Но когда вы сознаете свое "я", нет никакого внутреннего света. Вы встревожены присутствием стольких людей, они здесь. И вы начинаете ежиться. Вы идете напряженно, с усилием: другие здесь. Что они скажут? Как они скажут? Как они отнесутся к вашему присутствию? Какое составят мнение? Вот что будет. Вы можете хорошо говорить, можете проговорить целый день, но если вас вдруг подвести к микрофону и предложить обратиться к тысячному собранию, вы вдруг начинаете заикаться и запинаться — невротическая реакция. Вы потеряли контроль. Что случилось? Вы слишком сознаете свое "я". Вы слишком заботитесь о том, что подумают другие. Сознание "я" — болезненное состояние.

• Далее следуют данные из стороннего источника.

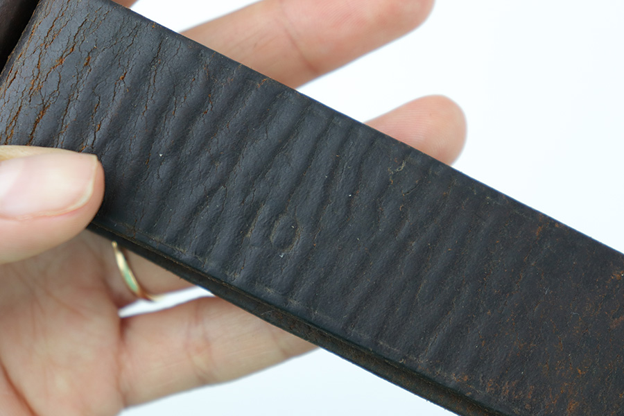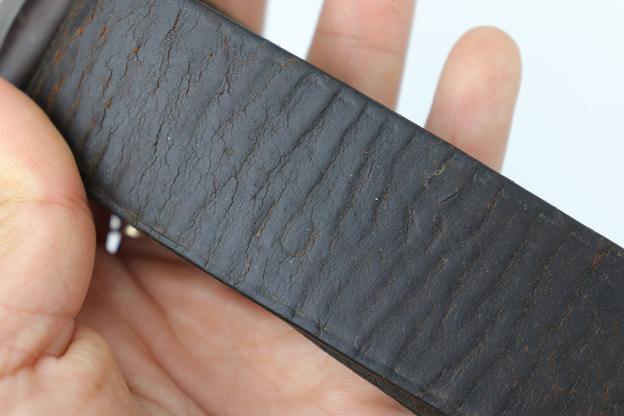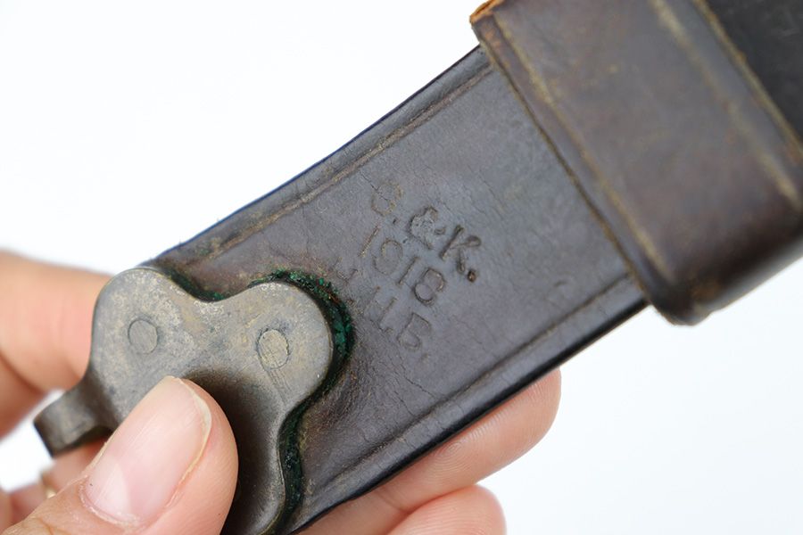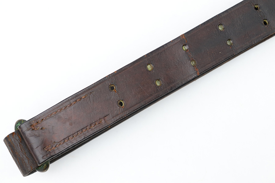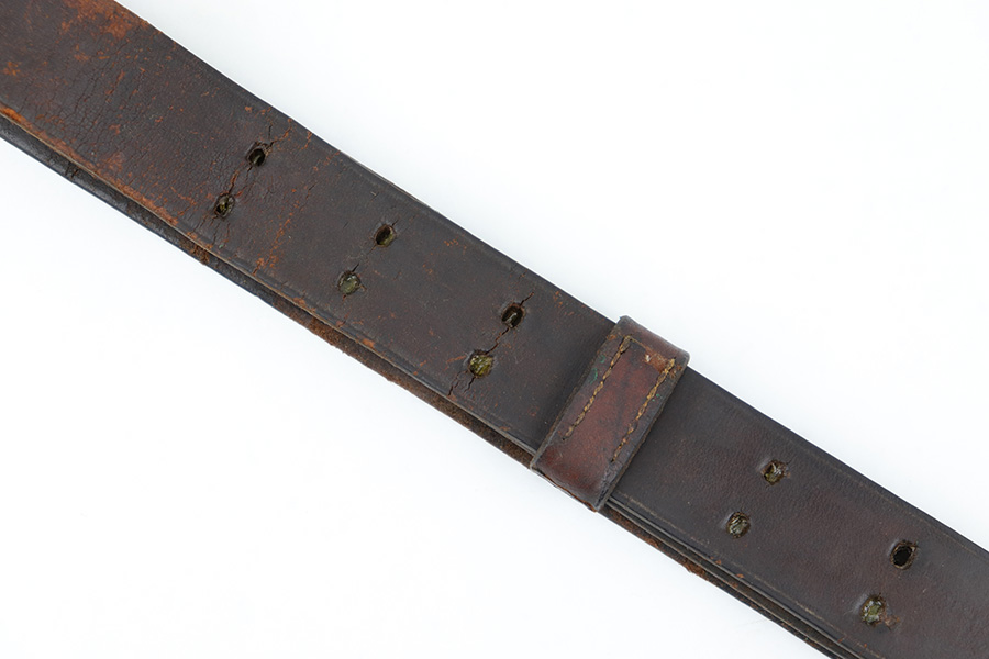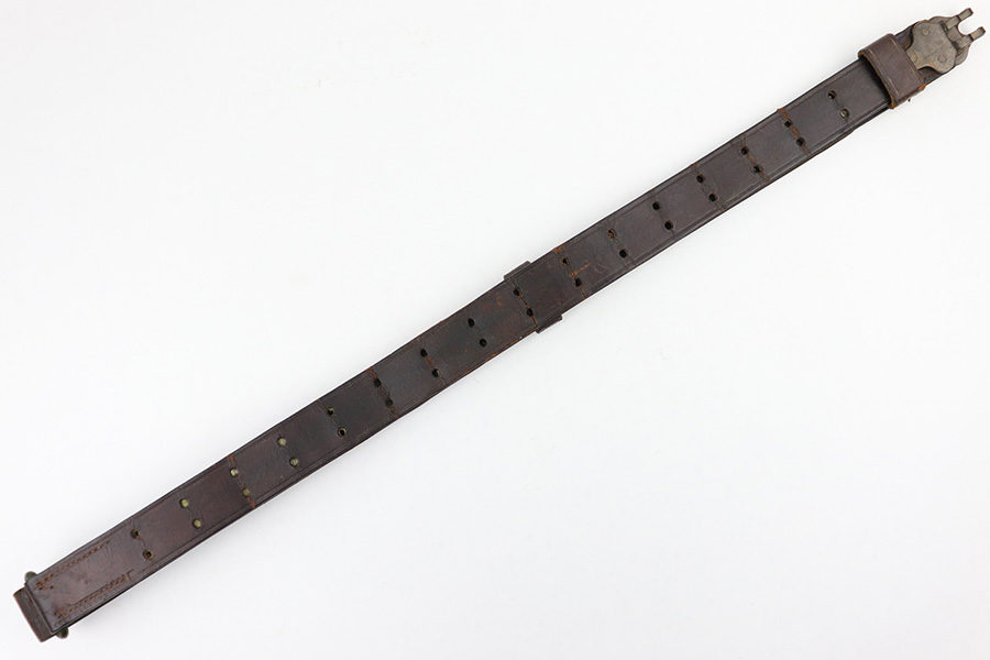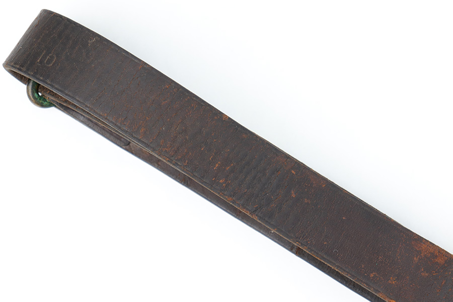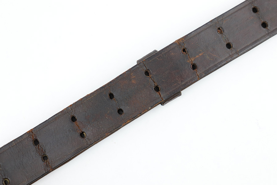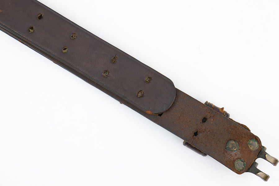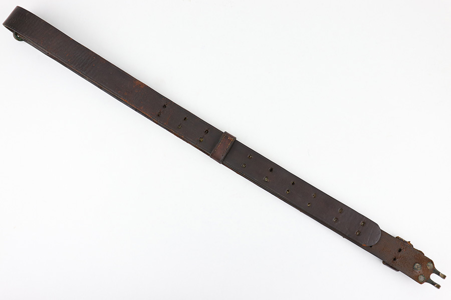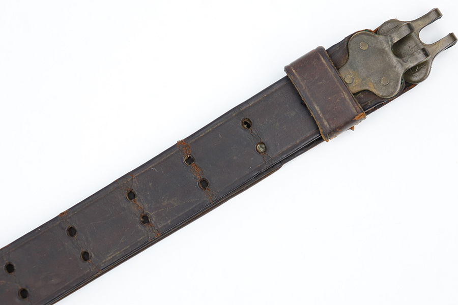 6/27/23 – This is an original WW1 era production US M1907 leather rifle sling. This example is in very good overall condition with some light surface wrinkling and signs of use and aging throughout the leather. A few of the adjustment holes have weakness and cracking around the surrounding leather (this is from previous use). The sling is completely intact and original with brass fixtures. One end of the sling is 1918 date stamped with a “G.&K.” maker stamp and “H.H.B.” inspector stamp.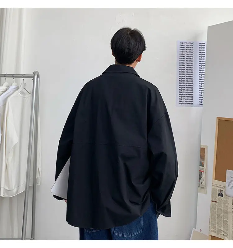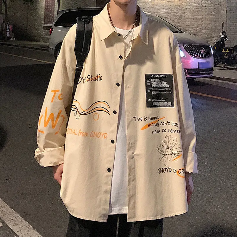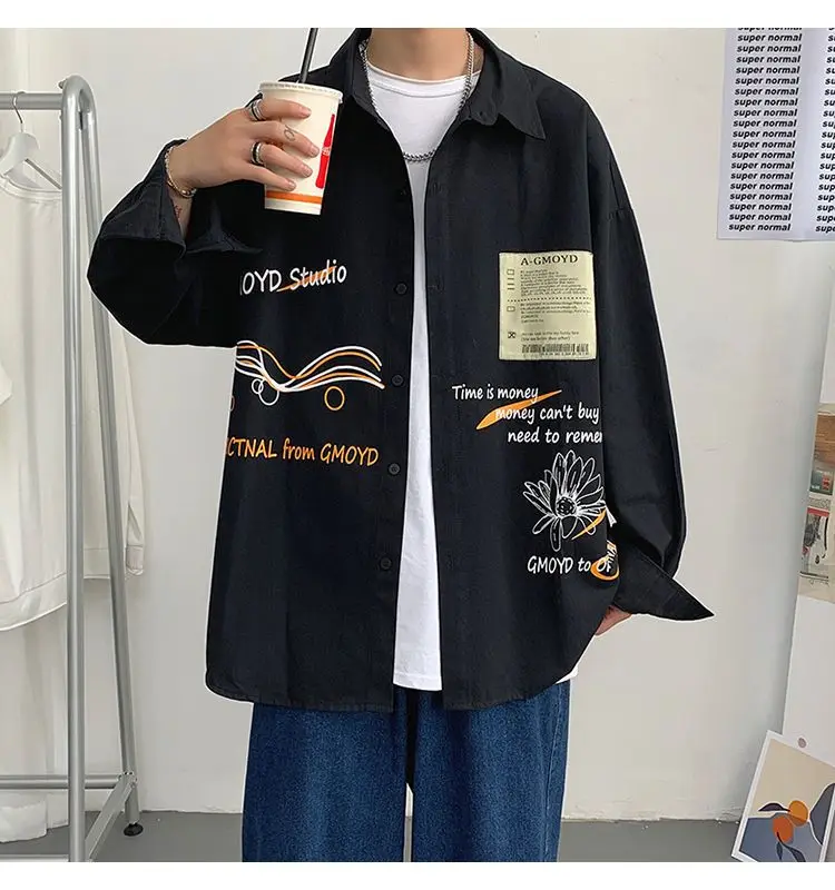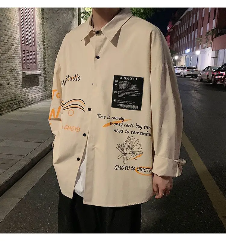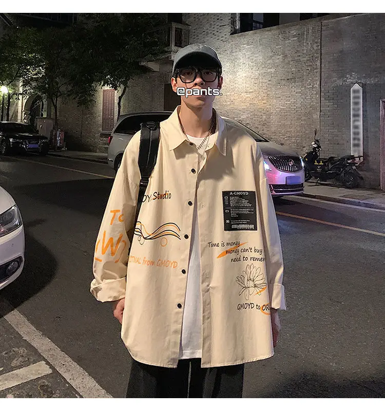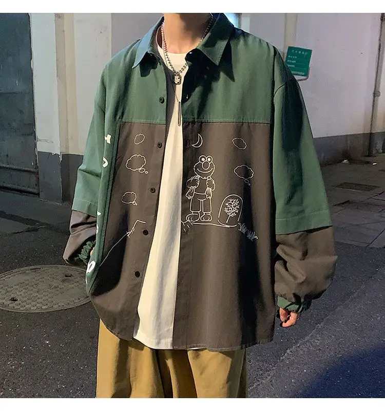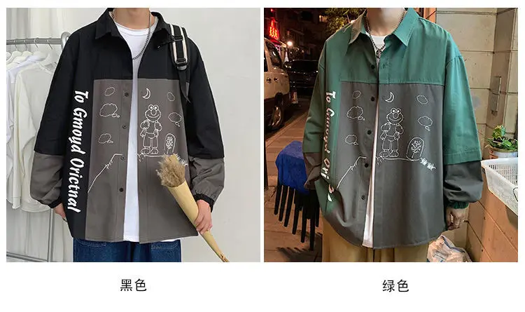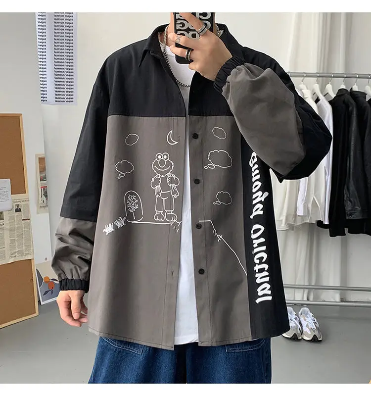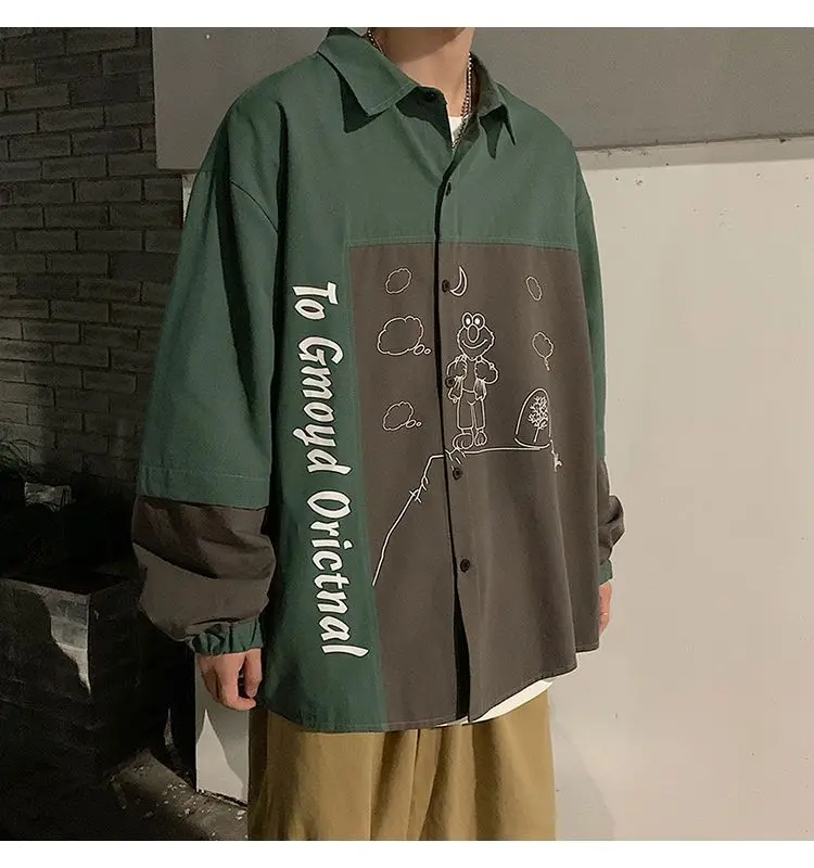 Hearujoy Shirt Men's Coat Korean Style Trendy New Print Splicing Long Sleeved Casual Loose Workwear Shirt Men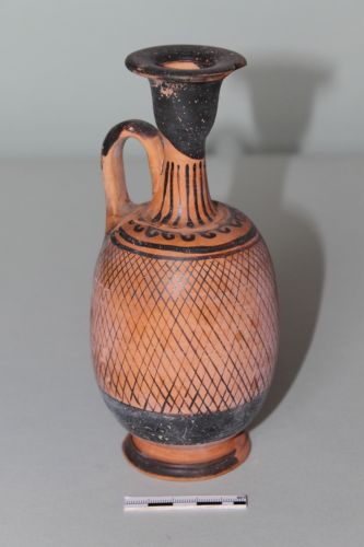 Lekythos con corpo a profilo ovoidale allungato, piede distinto a profilo troncoconico con raccordo cilindrico, breve spalla e collo cilindrico leggermente svasato alla base, separato dal bocchello campanulato da una leggera risega; l'ansa a bastoncello si imposta dalla spalla alla base dell'orlo. Il decoro dipinto è presenta un fitto reticolo che interessa tutto il corpo mentre nella parte inferiore del collo è dipinta una sequenza di bastoncelli verticali terminanti inferiormente a un uncino.

Если вы достигли понимания, вы говорите с пониманием. Понимание исходит из глубины вашего существа. Оно течет от внутреннего существа к другим. Сознание "я" течет к вам от чужих глаз. Это боязнь других. Сознание и сознание "я" прямо противоположны.
Так что, если медитация приносит вам чувство, что ваше понимание уменьшается, это просто значит, что вы за понимание принимаете сознание "я". Хорошо. Пусть будет так. Это не потеря. Это уходит болезнь.
Вскоре, когда она уйдет, ваша энергия преобразится. Та же энергия освободится от сознания своего "я". Теперь она станет доступной. Вы становитесь пробужденнее. Пробужденность — и жизнь становится благодатью. Сознание "я" — жизнь становится несчастьем. Пробужденность — и вы достигаете своего существа. Сознание "я" — вы продолжаете ждать мнений и оценки других.
"Я" всегда боится других, потому что ему приходится зависеть от их мнений, от того, что они скажут. Если они скажут, что вы красивы, вы красивы. Если скажут, что вы хорошие и святые, вы хорошие и святые. Если говорят, что вы нехороший человек, "я" уязвлено. Оно зависит от мнения других.
Все это парадоксально: другие боятся вас, вы боитесь других. Они сознают свое "я" из-за вас, вы сознаете свое "я" из-за них. Вы способствуете болезни друг друга. В достигшем понимания нет никакого "я".
В свете знания нет пламени свечки "я", это просто свет безо всякого источника. Он движется, живет благодатью. Он не тревожится, что о нем скажут другие. Считают ли они его святым или грешником, ему все равно. Он знает, какой он есть: он есть.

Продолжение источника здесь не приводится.